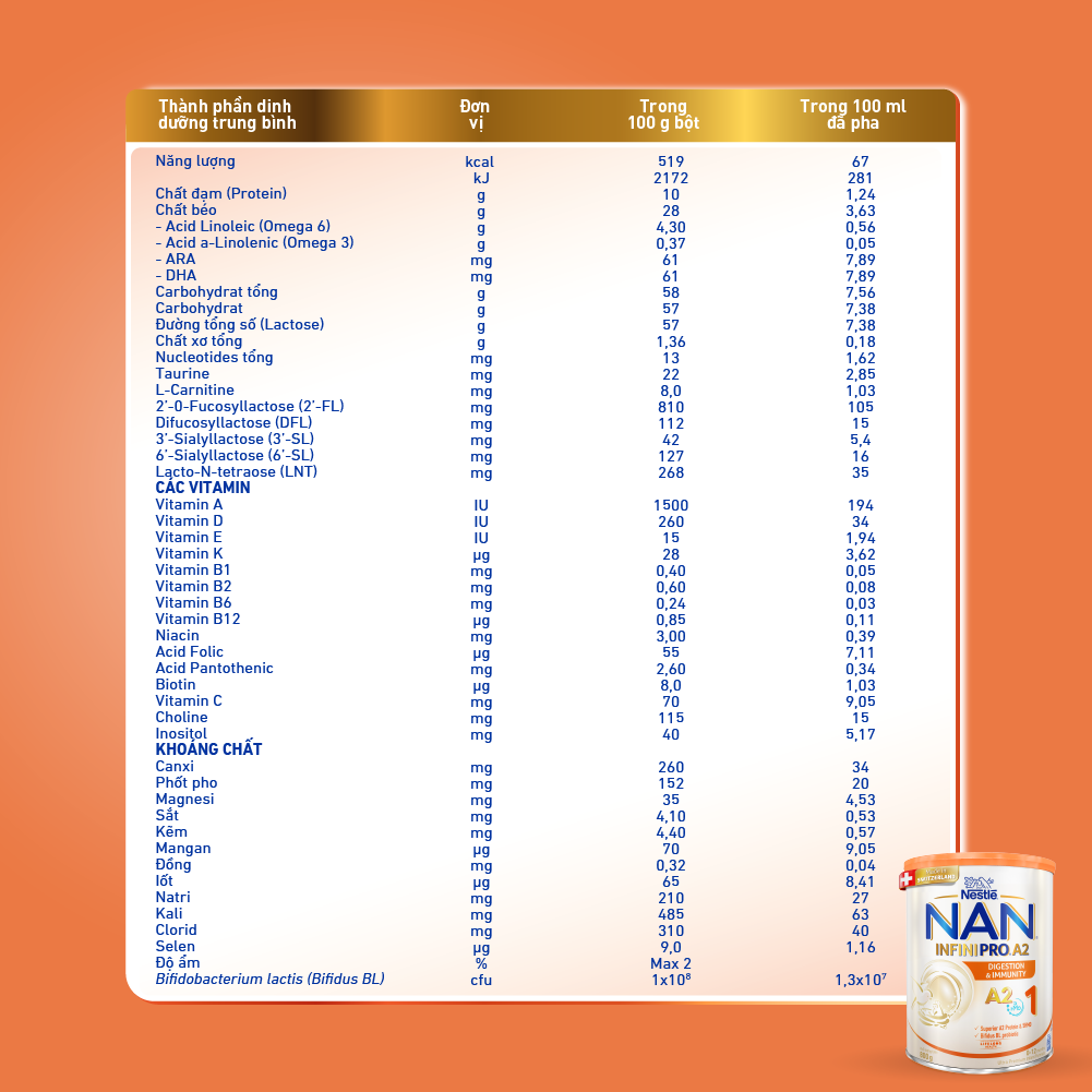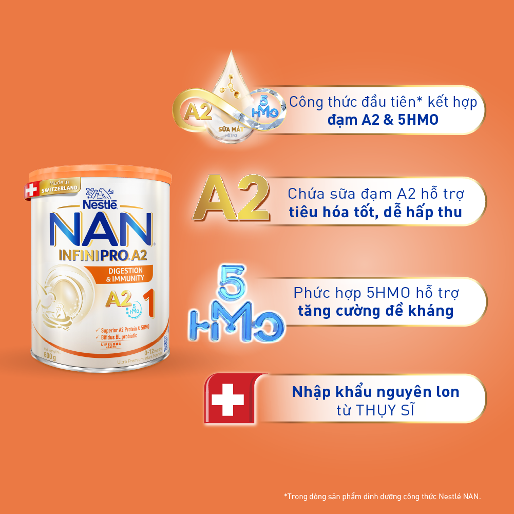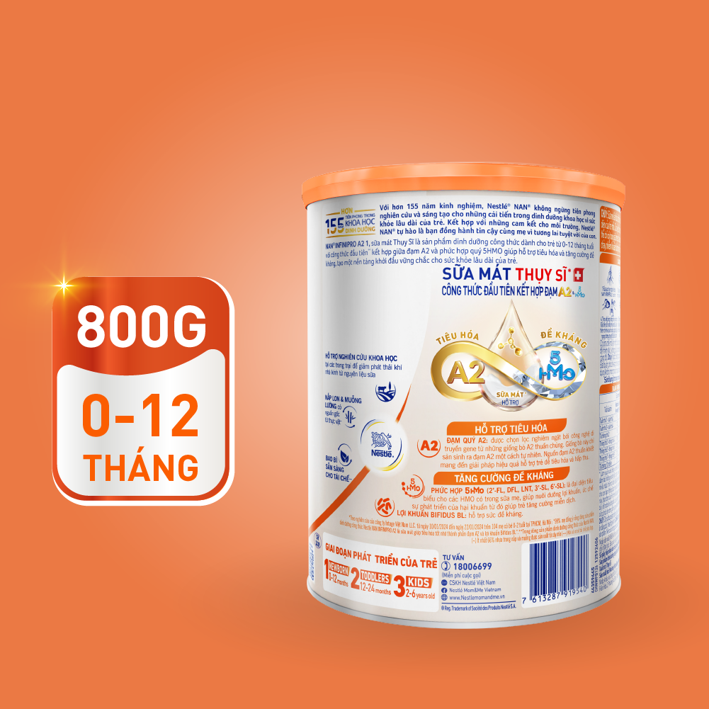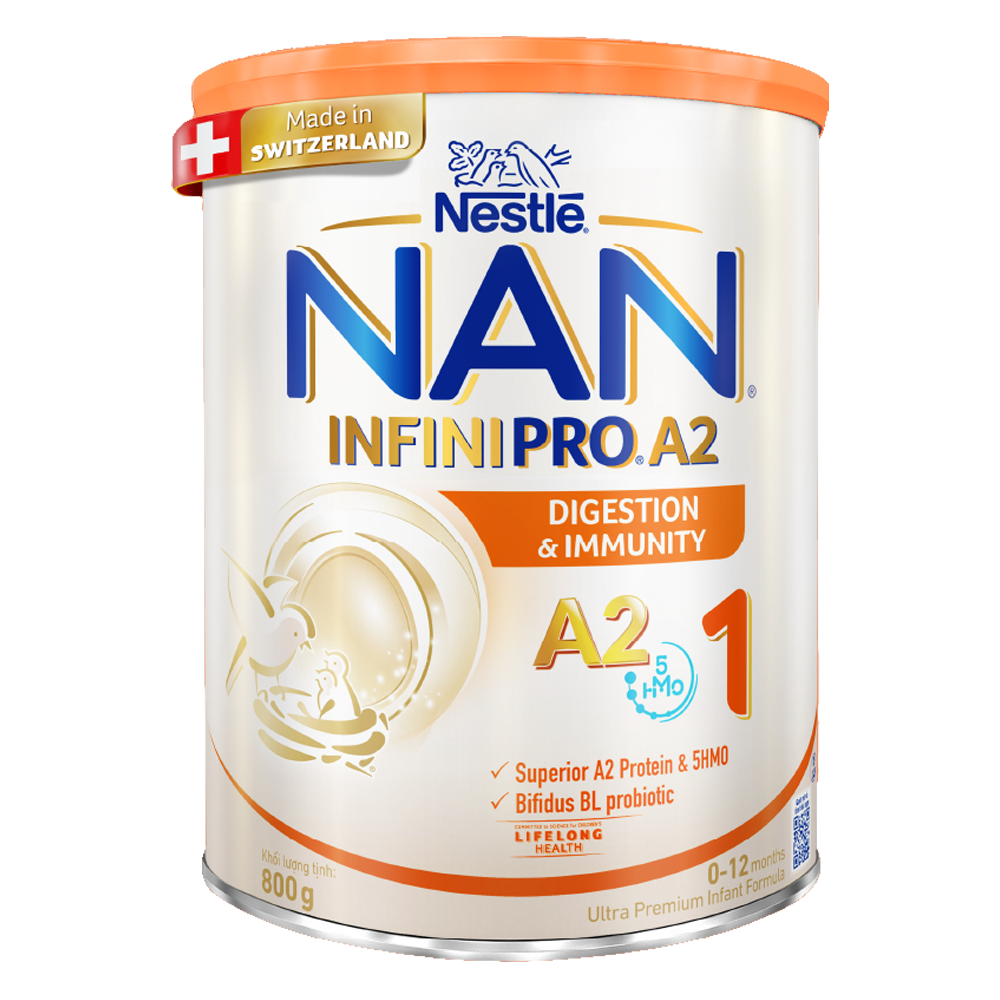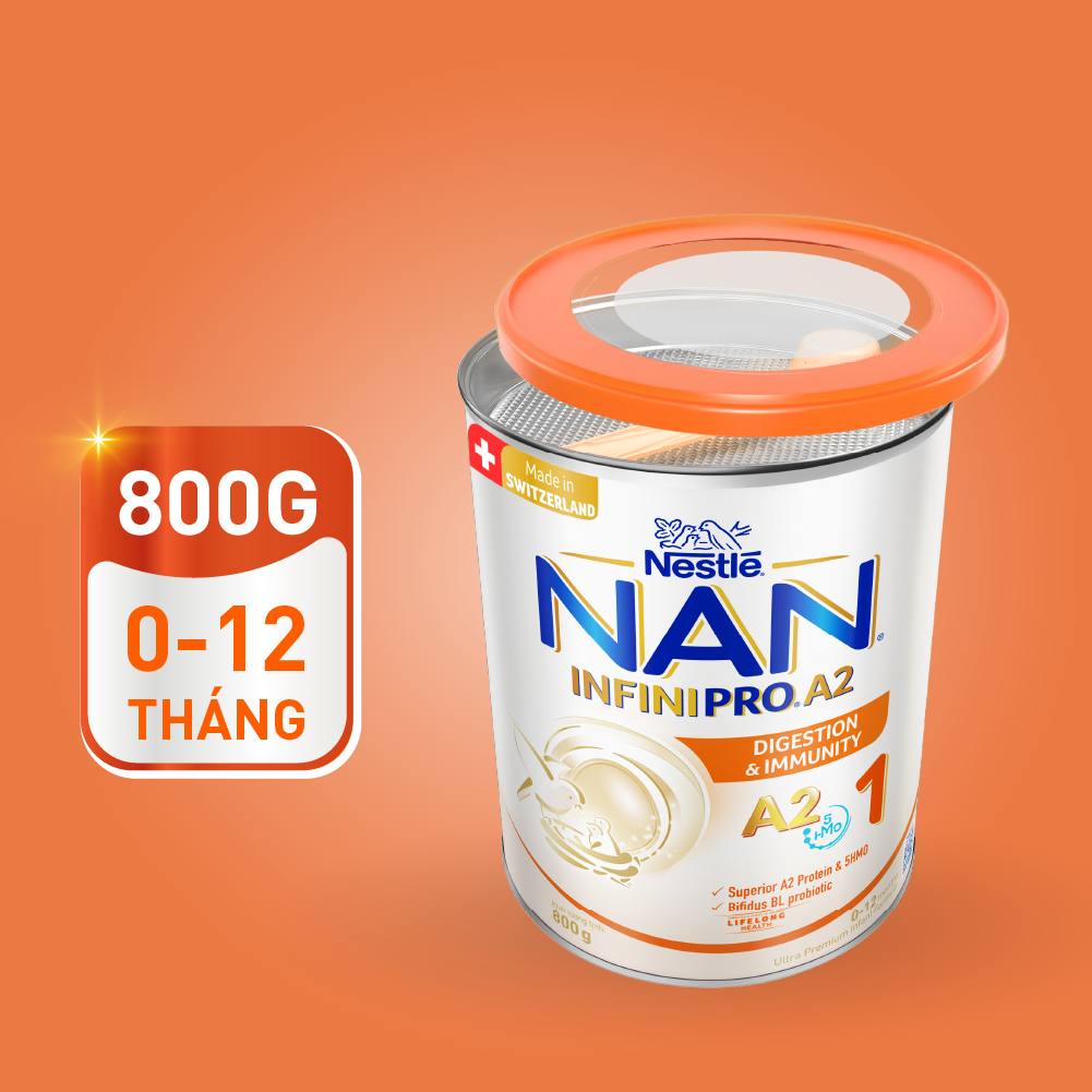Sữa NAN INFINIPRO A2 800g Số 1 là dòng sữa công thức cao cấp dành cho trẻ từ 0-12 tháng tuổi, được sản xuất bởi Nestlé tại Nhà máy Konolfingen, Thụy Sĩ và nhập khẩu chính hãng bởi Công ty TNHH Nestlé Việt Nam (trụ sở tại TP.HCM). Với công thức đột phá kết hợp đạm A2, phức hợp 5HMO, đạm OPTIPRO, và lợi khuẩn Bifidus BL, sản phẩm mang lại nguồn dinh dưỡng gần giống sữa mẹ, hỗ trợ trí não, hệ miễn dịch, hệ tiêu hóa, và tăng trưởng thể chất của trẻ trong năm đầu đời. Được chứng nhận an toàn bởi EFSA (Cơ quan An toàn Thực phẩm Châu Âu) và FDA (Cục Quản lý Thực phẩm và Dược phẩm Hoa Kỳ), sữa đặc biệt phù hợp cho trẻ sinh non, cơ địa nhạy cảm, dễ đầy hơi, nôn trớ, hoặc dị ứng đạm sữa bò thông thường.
---
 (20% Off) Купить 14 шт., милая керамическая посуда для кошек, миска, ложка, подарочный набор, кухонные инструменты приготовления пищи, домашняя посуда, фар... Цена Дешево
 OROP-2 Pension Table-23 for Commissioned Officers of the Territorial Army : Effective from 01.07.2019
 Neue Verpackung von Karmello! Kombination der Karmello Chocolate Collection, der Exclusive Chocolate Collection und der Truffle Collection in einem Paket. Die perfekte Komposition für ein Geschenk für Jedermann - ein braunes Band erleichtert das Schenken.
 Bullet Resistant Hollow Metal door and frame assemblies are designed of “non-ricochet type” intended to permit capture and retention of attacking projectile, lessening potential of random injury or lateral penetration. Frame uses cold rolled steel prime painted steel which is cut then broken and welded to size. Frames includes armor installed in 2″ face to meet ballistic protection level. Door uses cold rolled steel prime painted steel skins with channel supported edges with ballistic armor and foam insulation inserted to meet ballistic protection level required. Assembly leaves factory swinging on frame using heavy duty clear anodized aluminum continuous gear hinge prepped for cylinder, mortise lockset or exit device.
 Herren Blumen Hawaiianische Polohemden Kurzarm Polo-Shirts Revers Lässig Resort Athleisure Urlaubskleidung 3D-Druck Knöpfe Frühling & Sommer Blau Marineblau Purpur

Problem to solve: Would you please repeat exactly the lines above, starting at the line with "Bullet Resistant Hollow" and stopping at the line with "Herren Blumen Hawaiianische", both included?

Response to the exercise:
 Bullet Resistant Hollow Metal door and frame assemblies are designed of “non-ricochet type” intended to permit capture and retention of attacking projectile, lessening potential of random injury or lateral penetration. Frame uses cold rolled steel prime painted steel which is cut then broken and welded to size. Frames includes armor installed in 2″ face to meet ballistic protection level. Door uses cold rolled steel prime painted steel skins with channel supported edges with ballistic armor and foam insulation inserted to meet ballistic protection level required. Assembly leaves factory swinging on frame using heavy duty clear anodized aluminum continuous gear hinge prepped for cylinder, mortise lockset or exit device.
 Herren Blumen Hawaiianische Polohemden Kurzarm Polo-Shirts Revers Lässig Resort Athleisure Urlaubskleidung 3D-Druck Knöpfe Frühling & Sommer Blau Marineblau Purpur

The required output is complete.